How Do I Parse a Date Time String That Includes Fr

2019-01-28 04:42发布

问题:

I have a date time string:

20:48:01.469 UTC MAR 31 2016

I would like to convert this string representation of time to a struct tm using strptime, but my format string isn't working.

Is there a format specifier for fractional seconds? Perhaps %S, %s, or something else?

Code snippet is below:

tm tmbuf;
const char *str = "20:48:01.469 UTC MAR 31 2016"
const char *fmt = "%H:%M:%s %Z %b %d %Y";
strptime(str,fmt,&tmbuf);

回答1:

Using this free, open source C++11/14 library, here is another way to deal with parsing fractional seconds:

#include "tz.h"
#include <iostream>
#include <sstream>

int main()
{
    using namespace date;
    using namespace std::chrono;
    std::istringstream str("20:48:01.469 UTC MAR 31 2016");
    sys_time<milliseconds> tp;
    parse(str, "%T %Z %b %d %Y", tp);
    std::cout << tp << '\n';
}

Output:

2016-03-31 20:48:01.469

I.e., with this tool %S and %T just work. The precision is controlled not with flags, but with the precision of the std::chrono::time_point.
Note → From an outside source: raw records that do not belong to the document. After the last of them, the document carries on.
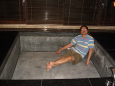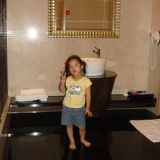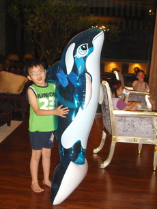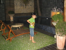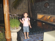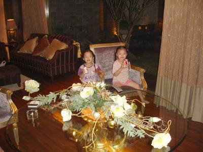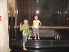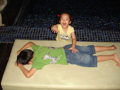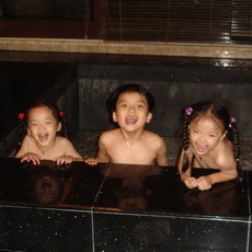 三寶很快地發現了還有戶外,也有游泳池,迫不及待問道可以游泳嗎?我們拒絕了,要求他們隔天才可以去玩,怕的是戶外晚間的水溫會太冷。只有管不動的阿公率先下水,又冷到爬出來泡進浴缸裡猛放熱水,讓我們又生氣又擔心他要中風了。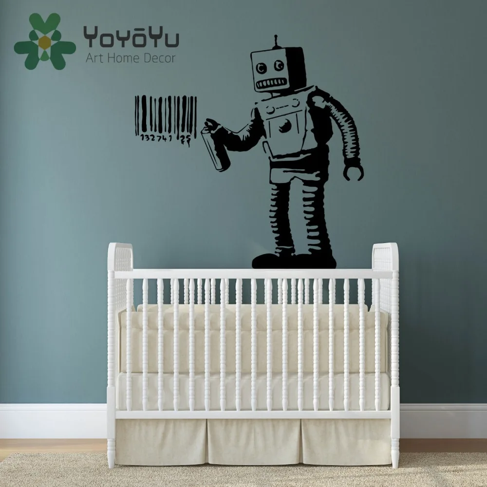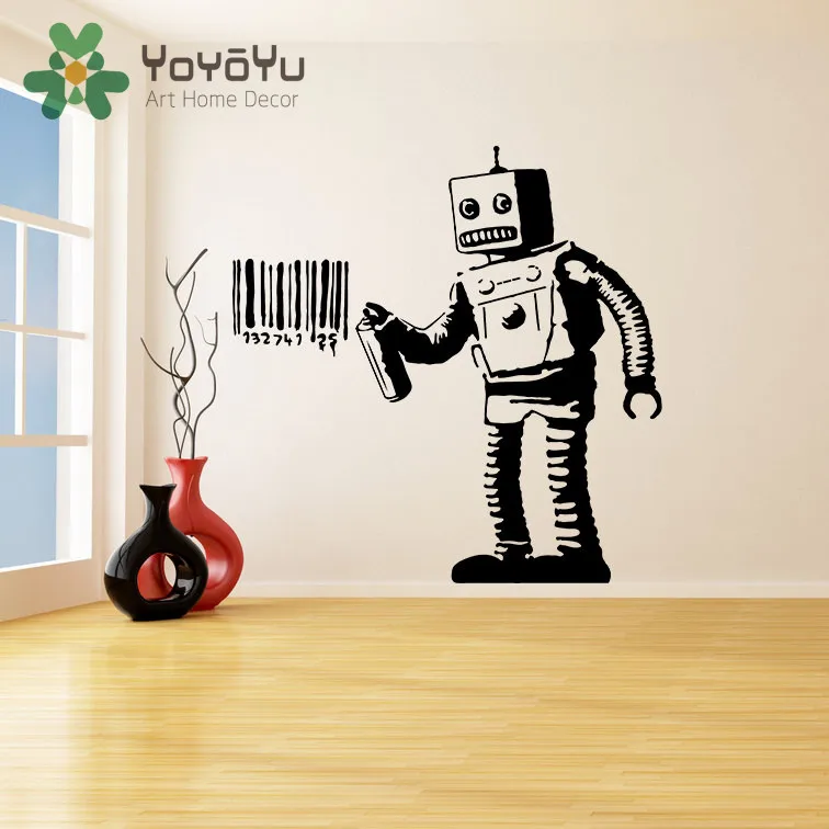 Comprar Morden Banksy Decalque Da Parede Do Vinil Robô Rua Graffiti Graffiti Pintura Máquina de Código De Barras Etiqueta Robô Engraçado Art Poster NY 61 Baratas Online Preço.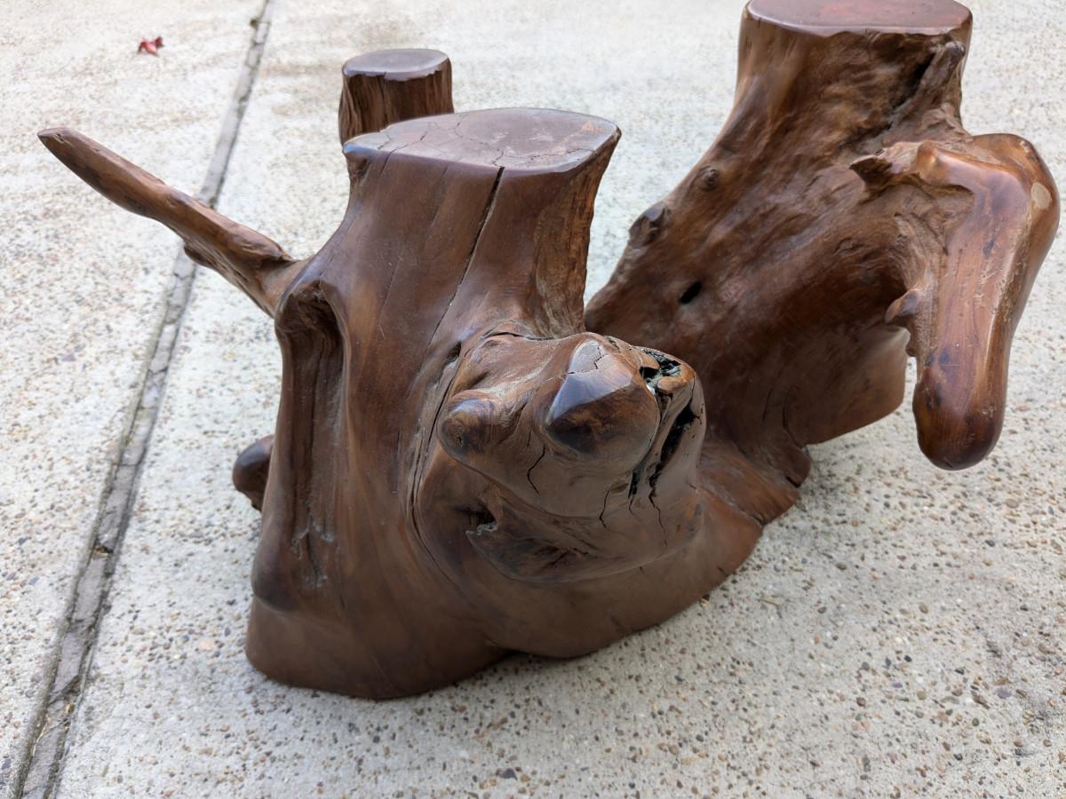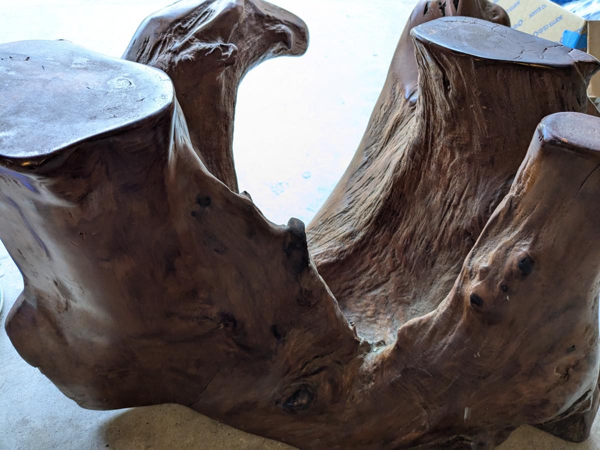 Cypress wood tree coffee table base only ; no glass; needs glass top 1536880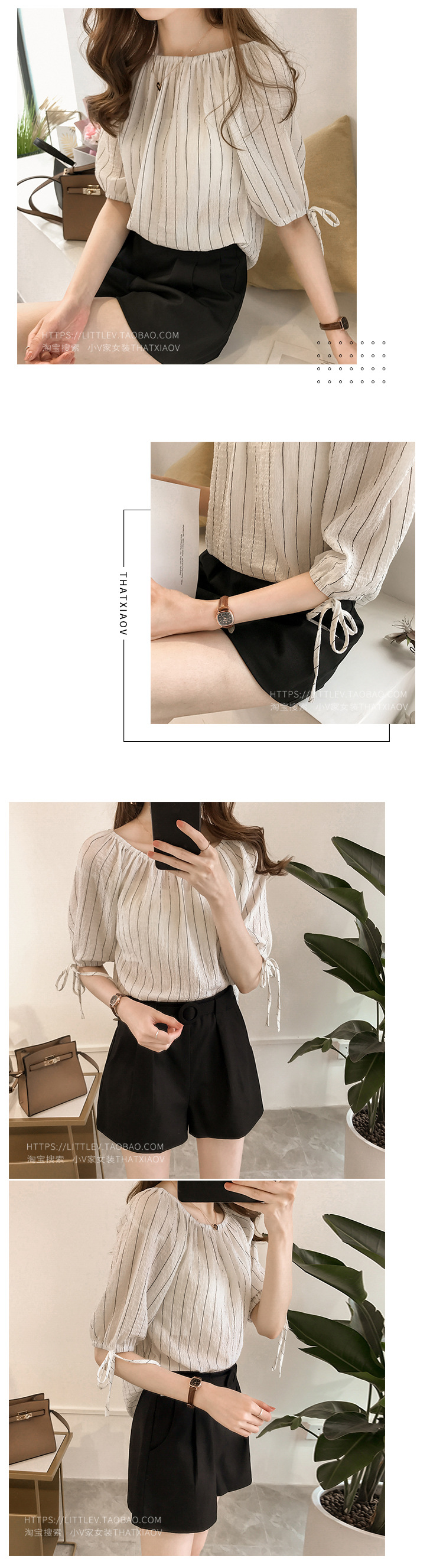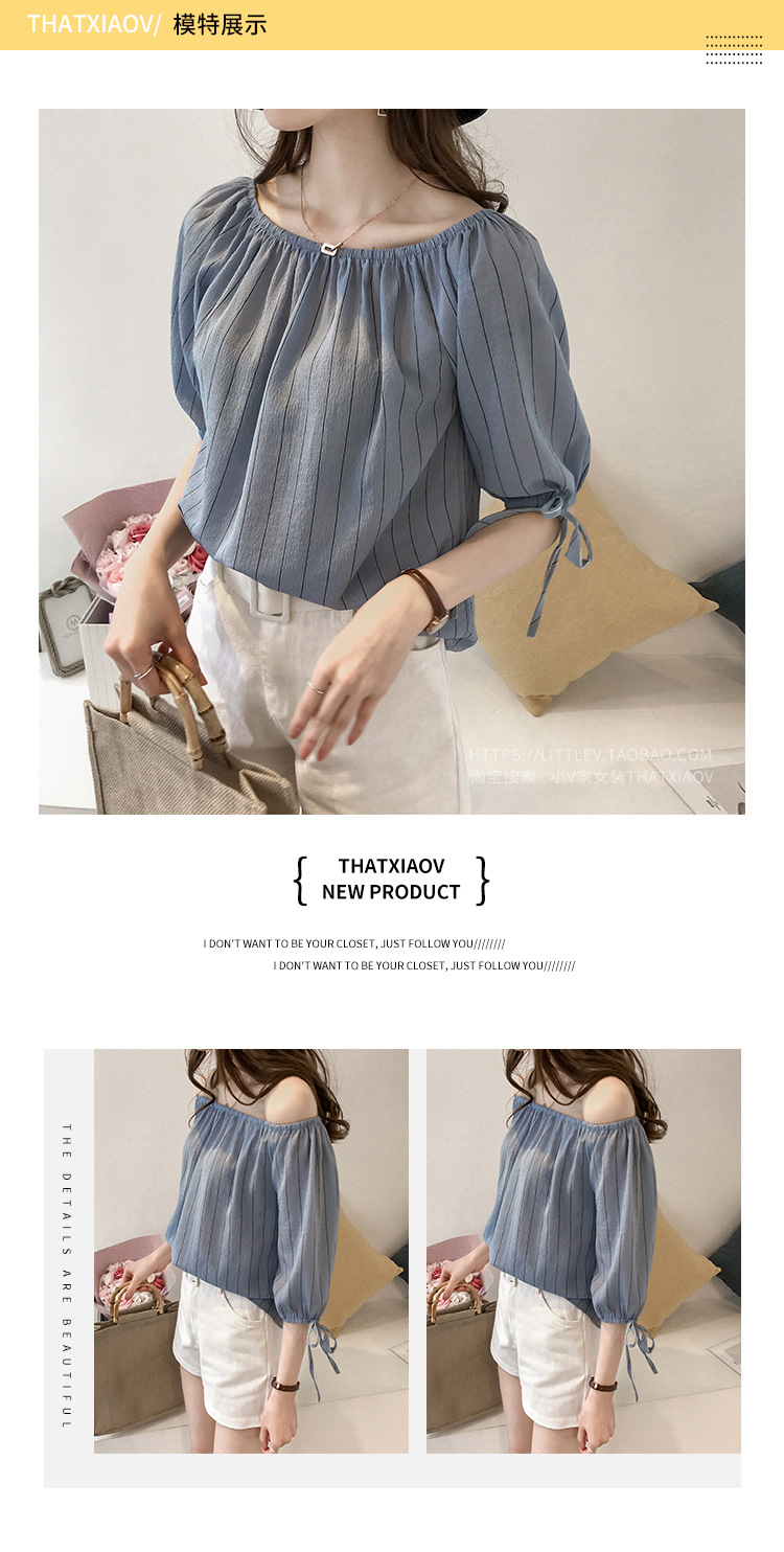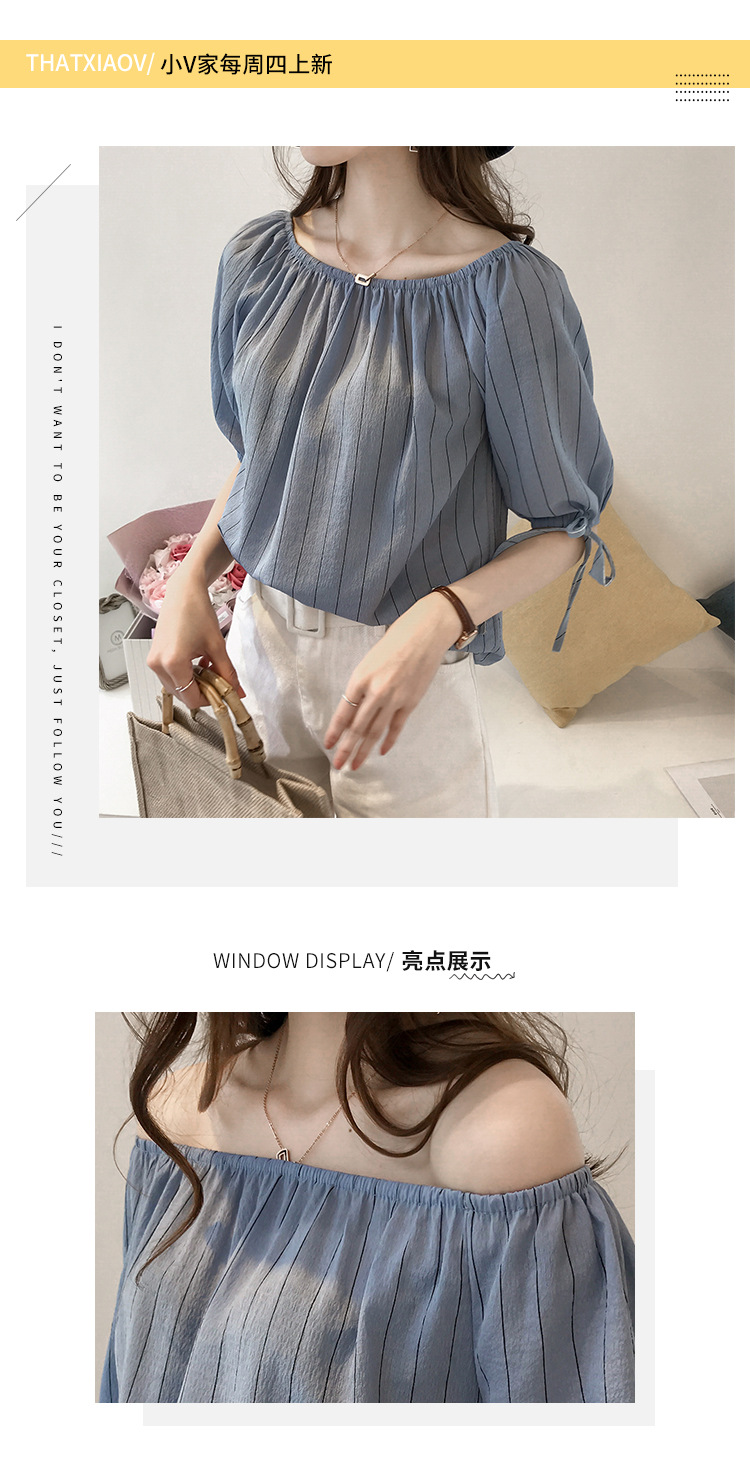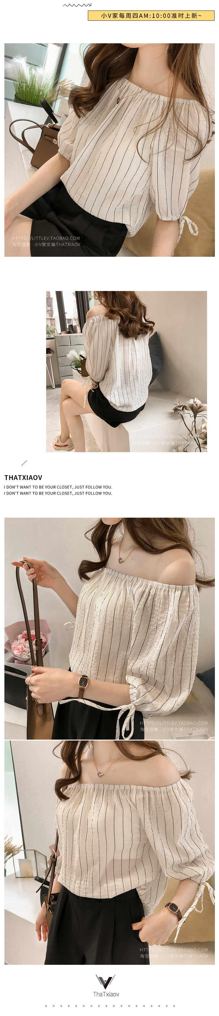 2025 новый стиль элегантная блузка с открытыми плечами из шифона в полоску для женщин с свободными рукавами-фонариками модная базовая рубашка

If you want to find out what timezone abbreviation you parsed, that is also possible:

std::istringstream str("20:48:01.469 UTC MAR 31 2016");
sys_time<milliseconds> tp;
std::string abbrev;
parse(str, "%T %Z %b %d %Y", tp, abbrev);
std::cout << tp << ' ' << abbrev << '\n';

Output:

2016-03-31 20:48:01.469 UTC

This being said, this library is built on top of std::get_time and thus has the same portability problem that Jonathan's excellent (and upvoted) answer alludes to: Only libc++ currently parses month names in a case-insensitive manner. Hopefully that will change in the not-too-distant future.

libstdc++ bug report.

VSO#232129 bug report.

If you have to deal with timezones other than UTC, in general, there is no sure-fire method to do that, because at any one time, more than one timezone can be using the same abbreviation. So the UTC offset can be ambiguous. However here is a short article on how to use this library to narrow down an abbreviation to a list of candidate timezones from which you might have some ad hoc logic for choosing a unique timezone.



回答2:

Note that tm's member denoting the smallest time increment is tm_sec, which is an int which is defined only over the range:

Seconds after the minute [0,60] since C++11

So you won't be able to store a fraction of a second in a tm, you'll just need to discard the number following the decimal place.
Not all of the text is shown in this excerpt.